American Catholic prelate

Francis Silas Marean Chatard (December 13, 1834 – September 7, 1918) was an American Catholic prelate who served as Bishop of Indianapolis from 1898 to 1918.

==Life==
He was born Silas Francis Marean Chatard in Baltimore, Maryland, on December 13, 1834, to Ferdinand E. Chatard and Eliza Marean. Both his father, Ferdinand, and his paternal grandfather, Pierre, an emigrant from Santo Domingo, West Indies, were physicians in Baltimore. His paternal grandmother, Eliza Anna Chatard, was a financial supporter of the Oblate Sisters of Providence. His uncle was Confederate States commander Frederick Chatard.

Raised in a prominent family, he attended Mount Saint Mary's College in Emmitsburg (now Mount Saint Mary's University), and the Maryland University School of Medicine, receiving a doctorate in medicine.
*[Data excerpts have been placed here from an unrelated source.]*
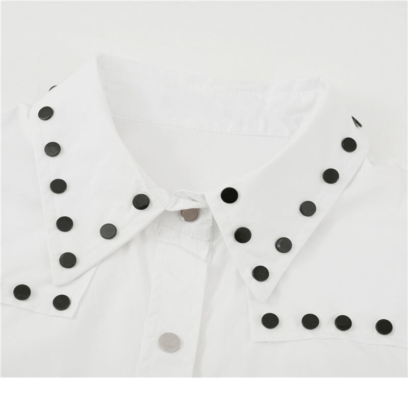 サブカル 服 地雷系 通販 モード系 春服 シャツ ブラウス 欧米系 ストリート系シャツ メタルボタン 大人きれいめ ホワイト おしゃれ着 ゴシック ロリータ
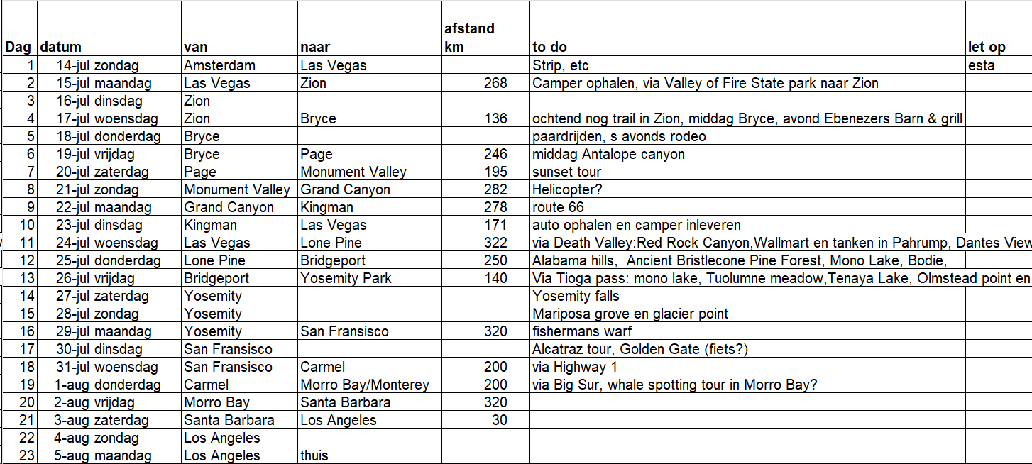 (camperhuur is nog prima te regelen, overnachtingen in de parken ben ik uiteraard te laat voor, maar heb voor Zion, Bryce en Yosemity nog campings/hotels kunnen vinden, die ik nu ook wil gaan boeken). We leggen verder nog niet alles 100% vast qua overnachtingen of met annuleringsoptie om nog iets te kunnen bewegen ter plekke als dat beter uitkomt.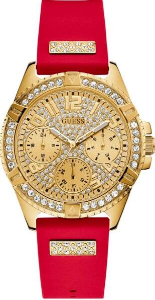 Leírás: Megnevezés (kinek): NőiMárka: GuessStílus: DivatosVízálló: 30 mSzíj színe: pirosSzíj anyaga: szilikonSzámlap színe: Arany strasszokkalSzámlap: AnalógMozgás: kvarc akkumulátorÜveg: ÁsványiTest/tok: acélA tok színe: aranyÓra alakja: kerekSzíj szélessége: 18 mmA ház átmérője: 32 mmGarancia: 2 év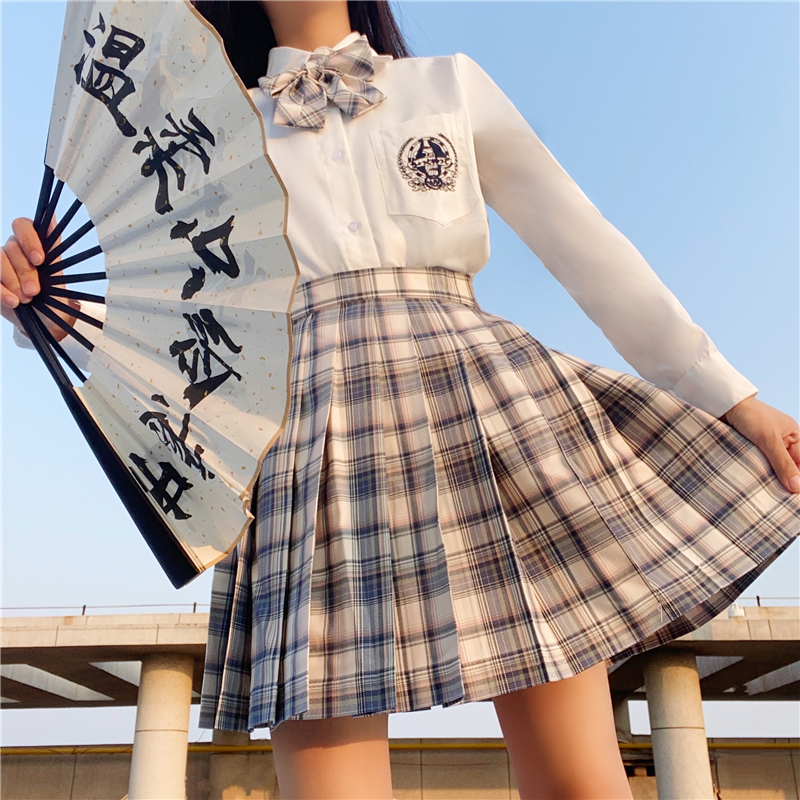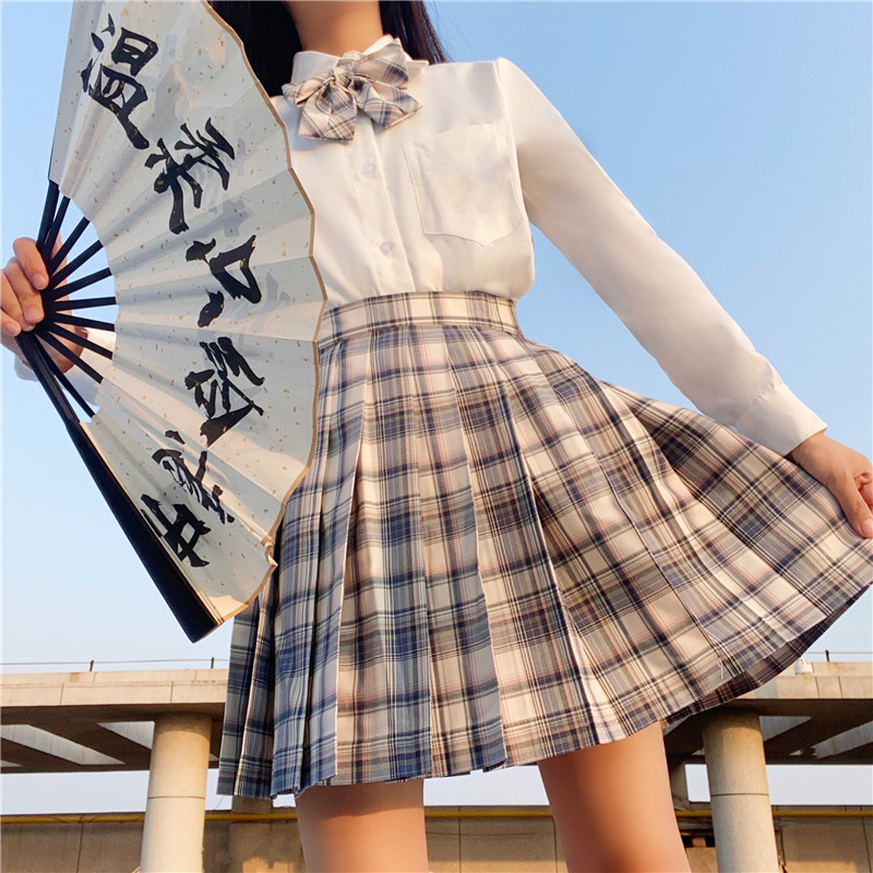 Script JK original (Zhaohui) blue warm color uniform genuine jk plaid skirt pleated skirt Japanese last dropped

He served his residency at the Baltimore Alms House.

Soon afterward, he felt the call to priesthood and in 1857 began studying at the Pontificio Collegio Urbano de Propaganda Fide in Rome. He was ordained on June 14, 1862, and received a Doctor of Divinity degree the next year. Following his ordination, he served as Vice-Rector of the Pontifical North American College in Rome. In 1868, he became Rector of the college. During his time as Rector, the First Vatican Council was held, and was able to meet many American Bishops who stayed at the college while in Rome. Chatard was apparently a favorite of Pope Pius IX.

On March 26, 1878, he was named Bishop of the Diocese of Vincennes, in Indiana. At his consecration in Rome on June 14, 1878, he switched his first and middle name, taking the name of Francis Silas. He was installed in the cathedral at Vincennes on August 11, 1878, and he went almost immediately to Indianapolis, arriving there on August 17, 1878. His predecessor, Bishop St. Palais had recognized that Indianapolis had become a major city, but deferred the decision to move the seat of the diocese to his successor.
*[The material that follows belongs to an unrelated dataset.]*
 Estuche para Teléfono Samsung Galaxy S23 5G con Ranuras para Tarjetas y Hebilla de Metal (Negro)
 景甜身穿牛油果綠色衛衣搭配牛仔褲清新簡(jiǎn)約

Said to be "the most scholarly clergyman in America", in 1883, Chatard was rumored as the new Archbishop of Philadelphia, That appointment never took place for reasons unknown. Chatard did have some impact on the American Church, however. He aligned himself with the more conservative wing of the Church, led by Michael Corrigan of New York and others. The more progressive wing was led by the likes of Cardinal Gibbons and Archbishop Ireland.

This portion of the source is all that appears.